During my second year at EarthCorps, I led volunteer events across Seattle. You meet a lot of folks when leading crews: older folks, younger folks, students, or random community members. It was really fun to see all sorts of people come out. At the beginning of the day, they would be very shy with each other and there would be a hesitance to engage, but over the course of just four hours, they would accomplish a lot of work and form connections with other people as well as with the work that they’re doing. I think that’s really important. Protecting the the environment and caring about your surroundings comes first from building connections with other people while they’re in those spaces. Creating positive and powerful memories of the outdoors fosters a care for the outdoors.

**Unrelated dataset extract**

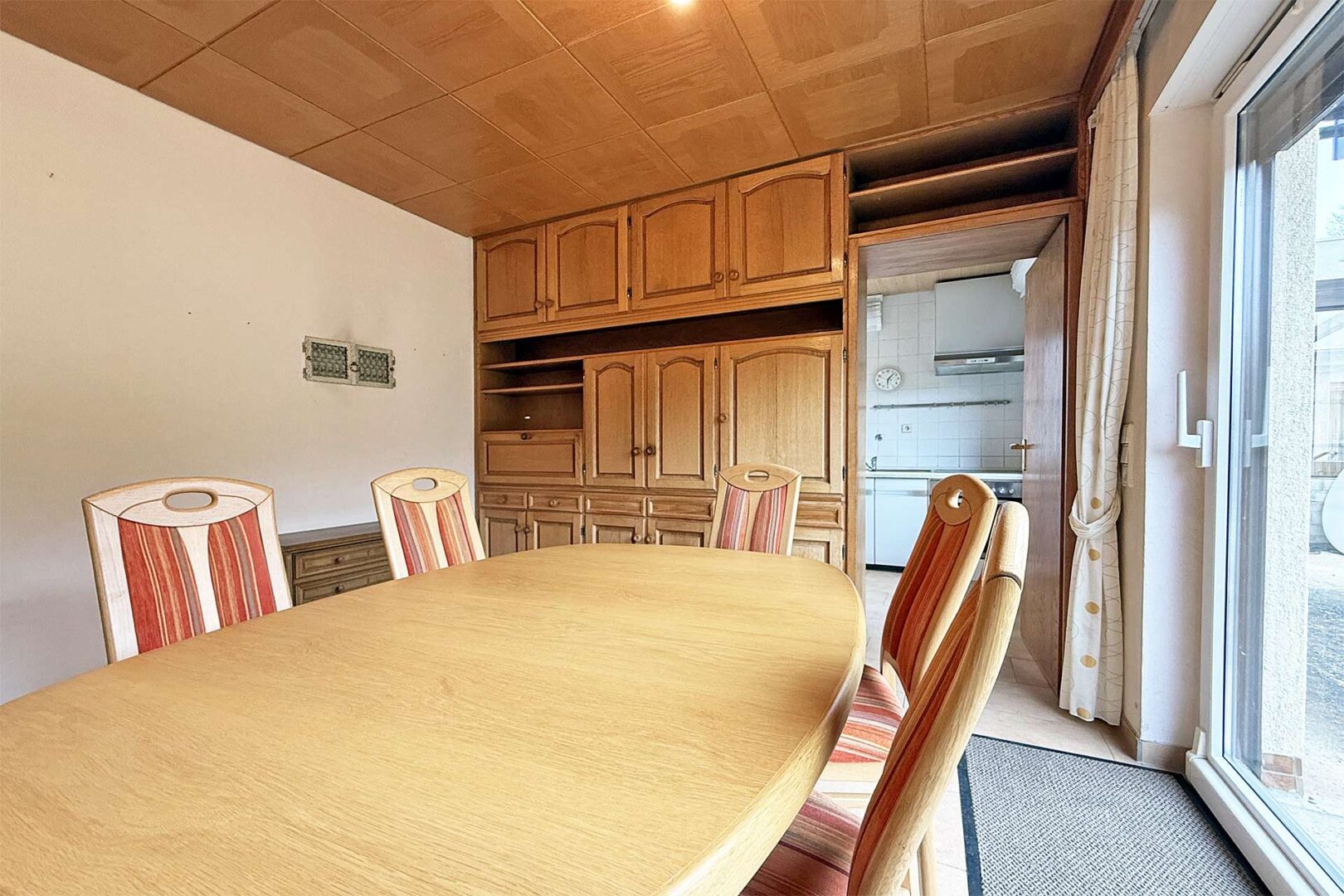 Gegenüber befindet sich der Essbereich mit Zugang zur Küche sowie zur Terrasse und dem Garten. Auch hier wurde eine Markise mit elektrischer Steuerung zur Beschattung installiert. Die derzeitige Trennung zwischen Küche und Essbereich erfolgt über einen praktischen Schrank mit Durchreiche, der bei Bedarf entfernt werden kann, um einen offenen Koch- und Essbereich zu schaffen.

What has been your experience as a person of color in environmental
spaces?

I appreciate that EarthCorps gives folks of all backgrounds opportunities to be involved in this kind of work. I didn’t have the kind of experience that I thought would seem valuable on paper, but through the interview process, the folks that I spoke with decided that they saw something in me worth pursuing. When I was hired, the person that offered me the position said that I was a ‘wildcard.’’ Despite the fact that I had very little experience working or being in the outdoors, EarthCorps saw a spark of something in me that made them feel confident enough to give me a chance. So the only reason why I’m out here is because somebody gave me an opportunity. Somebody saw something in me aside from what I had on paper, and I think that’s really important. Being outside and recreating outside is a privilege for many folks. I thought lack of access to the outdoors would be a detriment to my ability to get a job at EarthCorps. But I think EarthCorps’ hiring process proves that no matter what your level of experience is, everyone can learn to be a leader outdoors.

The environmental non-profit realm is largely a white movement. For instance, if you look at EarthCorps’ structure, it’s comprised mostly by white staff members, and the non-international corps members are also mostly white. My experience at Washington Trails Association, which is where I work now, is very similar. Environmentalism and environmental protection can’t exist within a bubble. If we want to really create a new generation of environmental stewards, all voices need to be involved and valued and all perspectives have to be considered. If this movement either intentionally or unintentionally exploits or excludes the perspectives and voices of the people who are most likely to be immediately affected by environmental degradation, we would be silencing an entire chunk of the population that could otherwise be fighting and advocating for the protection and restoration of our public lands.

What leadership skills did you learn during your Corps years that
have better allowed you to be successful?

One thing that has been really important is more confidence in my physical ability. I never would have considered myself an athlete growing up. I’m really surprised that I was motivated enough to finish my first year. It was a really grueling experience. Knowing that I can push myself beyond what I ever thought I could is really important. I had never tried to push that edge before, but when I finally did, I realized I could push it even further.

If you were to give a piece of advice to your twenty-three-year-old
self, what would you say?

I encourage you to really immerse yourself in every single moment and aspect of this experience over the next two years because they will impact you in ways that you could have never expected and when the two years are done with, you will walk away with a greater understanding of yourself, other people and your ability to make a tangible impact. Hold onto those moments and those memories and those people, because they’re going to mean a lot to you. Everyone I knew at EarthCorps has dispersed across the world, and maybe I’ll never see some of them ever again, but I think it’s really beautiful that these experiences provided that opportunity to connect with people all around the world for at least one moment, regardless of wherever we all might go.